_Your task_
In the entries below, which lines run from the one with "Charming silver ring" through the one with "Our first writing"? Repeat exactly those, both included, and no pictures.

_Data for analysis_

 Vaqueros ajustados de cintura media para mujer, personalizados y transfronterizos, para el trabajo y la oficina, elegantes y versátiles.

* * *

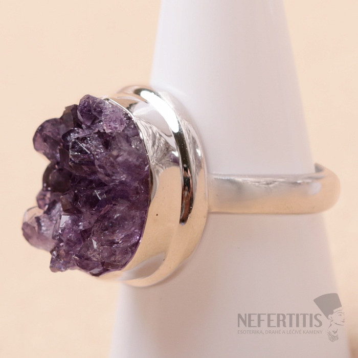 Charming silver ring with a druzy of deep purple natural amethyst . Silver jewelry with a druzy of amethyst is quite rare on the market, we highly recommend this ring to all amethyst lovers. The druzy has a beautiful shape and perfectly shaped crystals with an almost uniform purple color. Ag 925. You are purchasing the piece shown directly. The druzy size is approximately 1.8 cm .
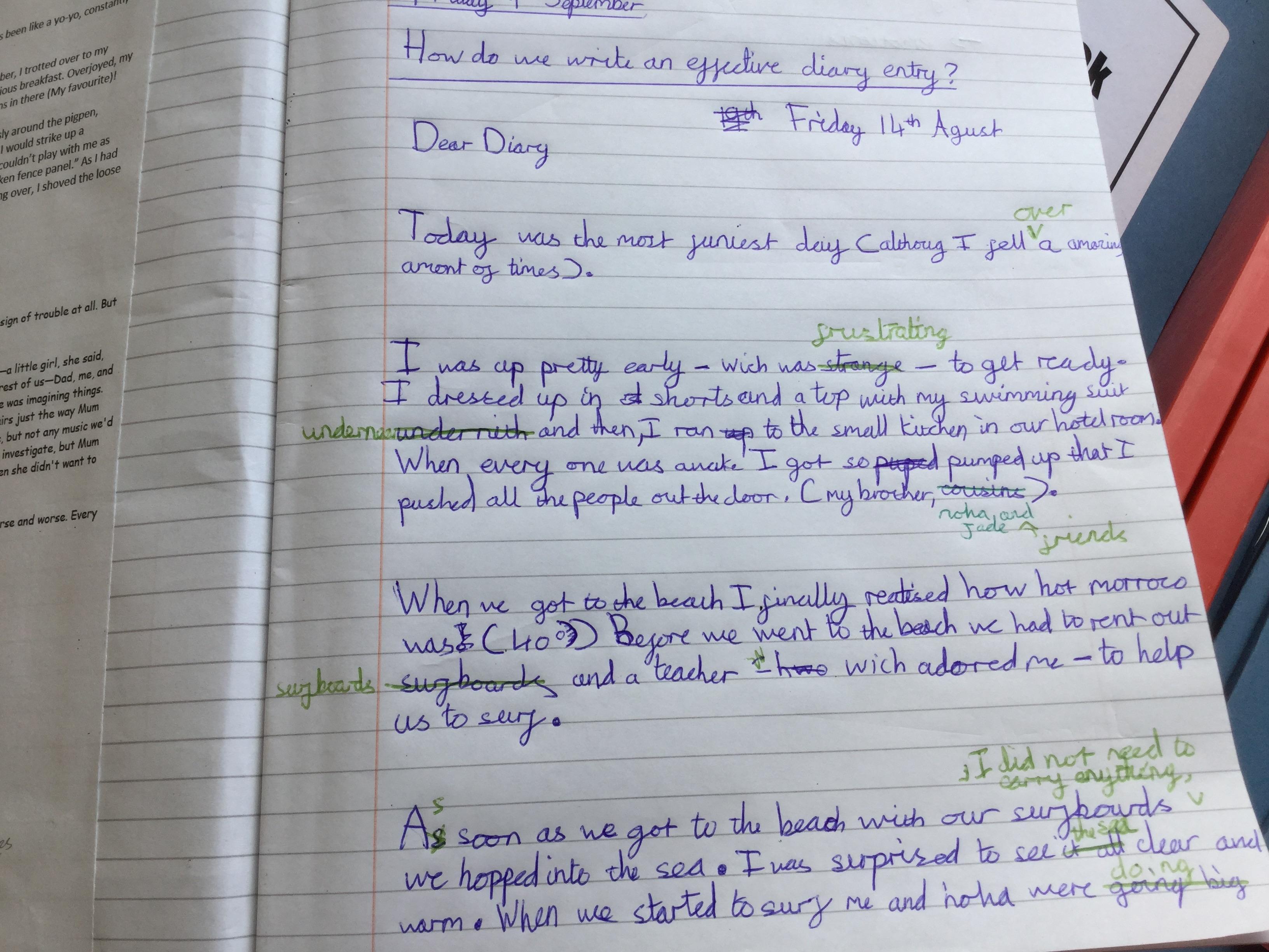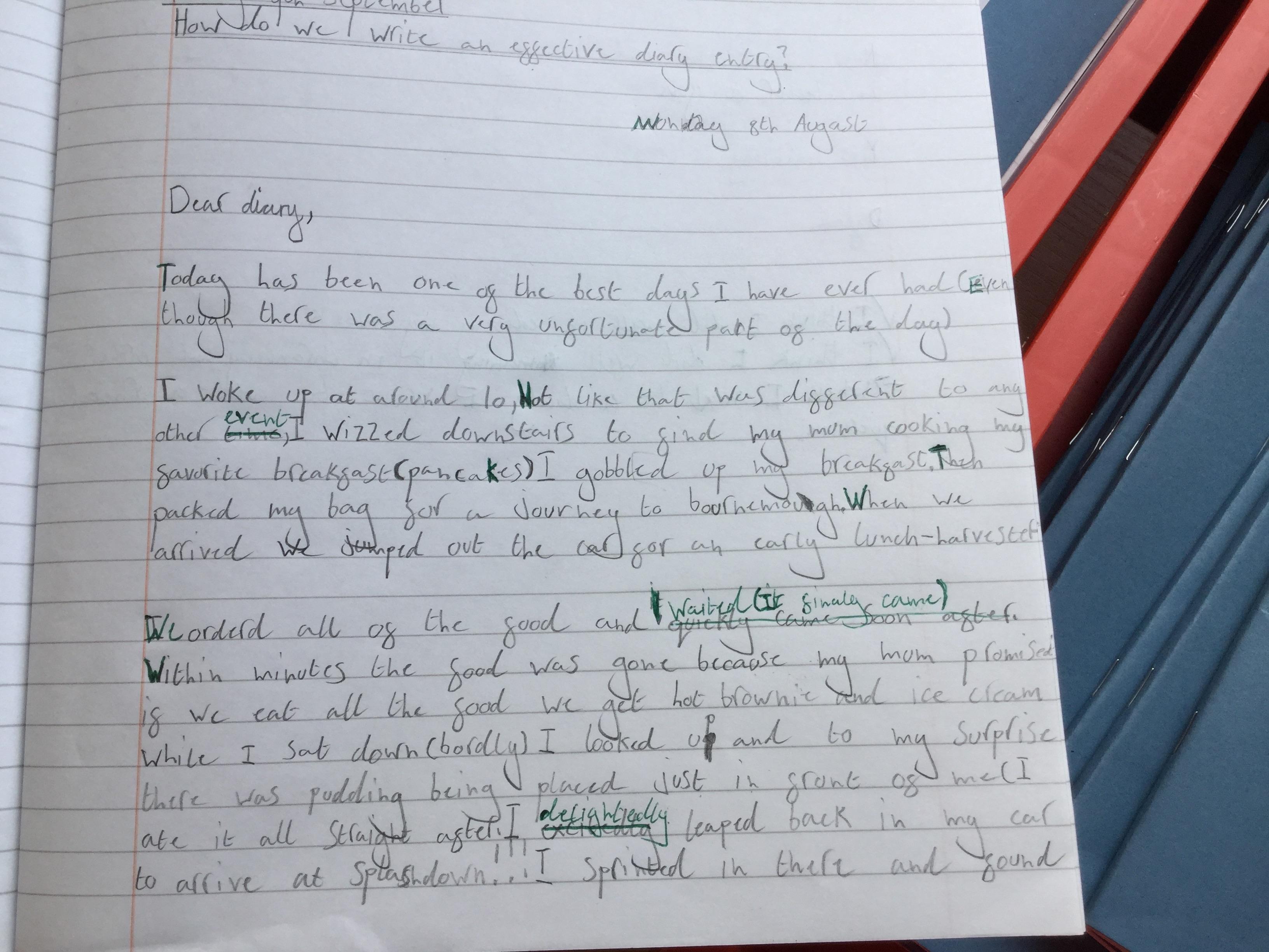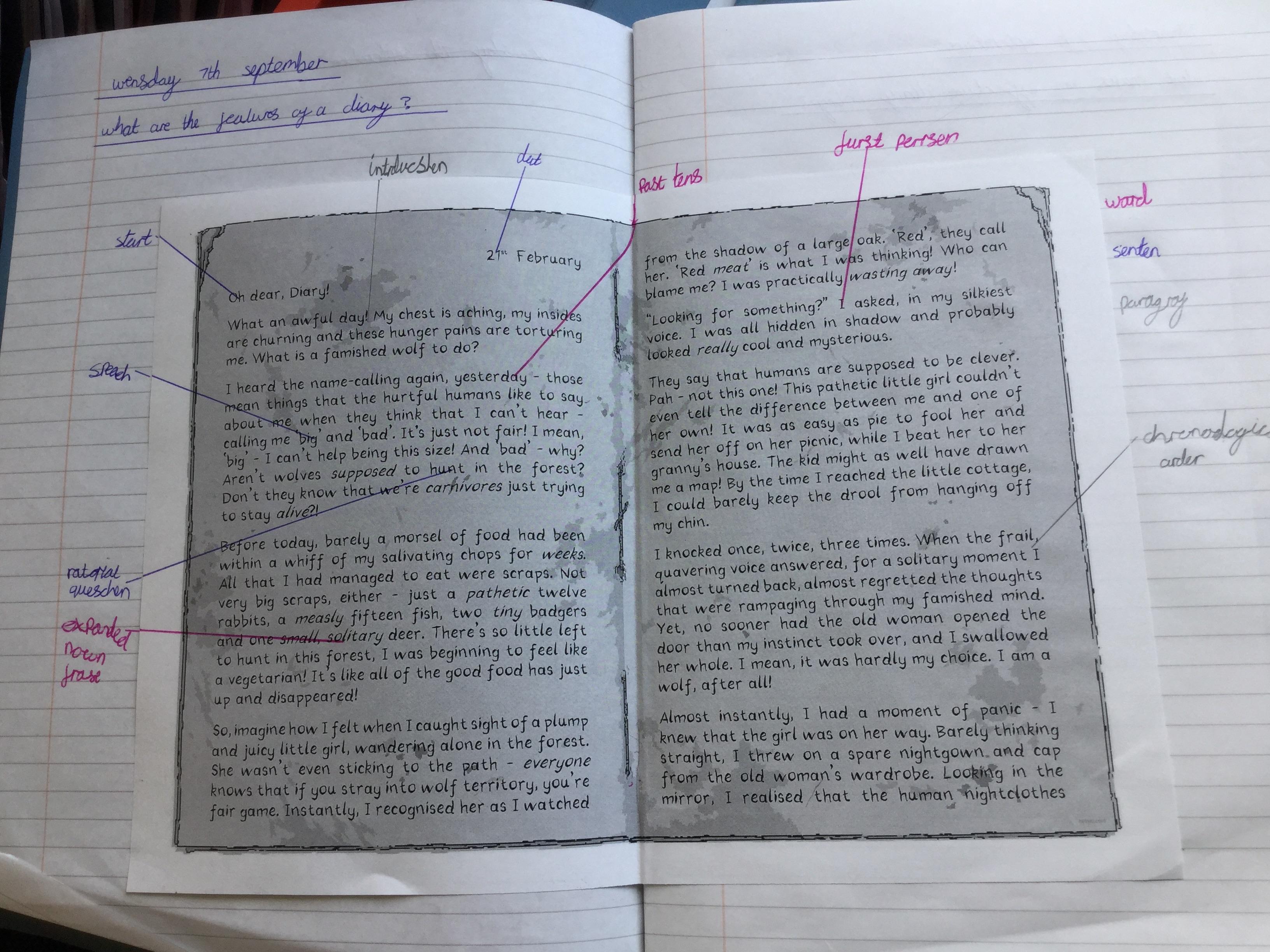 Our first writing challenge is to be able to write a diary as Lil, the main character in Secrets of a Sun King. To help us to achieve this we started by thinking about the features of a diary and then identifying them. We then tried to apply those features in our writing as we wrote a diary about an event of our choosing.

_Completed task_
 Charming silver ring with a druzy of deep purple natural amethyst . Silver jewelry with a druzy of amethyst is quite rare on the market, we highly recommend this ring to all amethyst lovers. The druzy has a beautiful shape and perfectly shaped crystals with an almost uniform purple color. Ag 925. You are purchasing the piece shown directly. The druzy size is approximately 1.8 cm .
 Our first writing challenge is to be able to write a diary as Lil, the main character in Secrets of a Sun King. To help us to achieve this we started by thinking about the features of a diary and then identifying them. We then tried to apply those features in our writing as we wrote a diary about an event of our choosing.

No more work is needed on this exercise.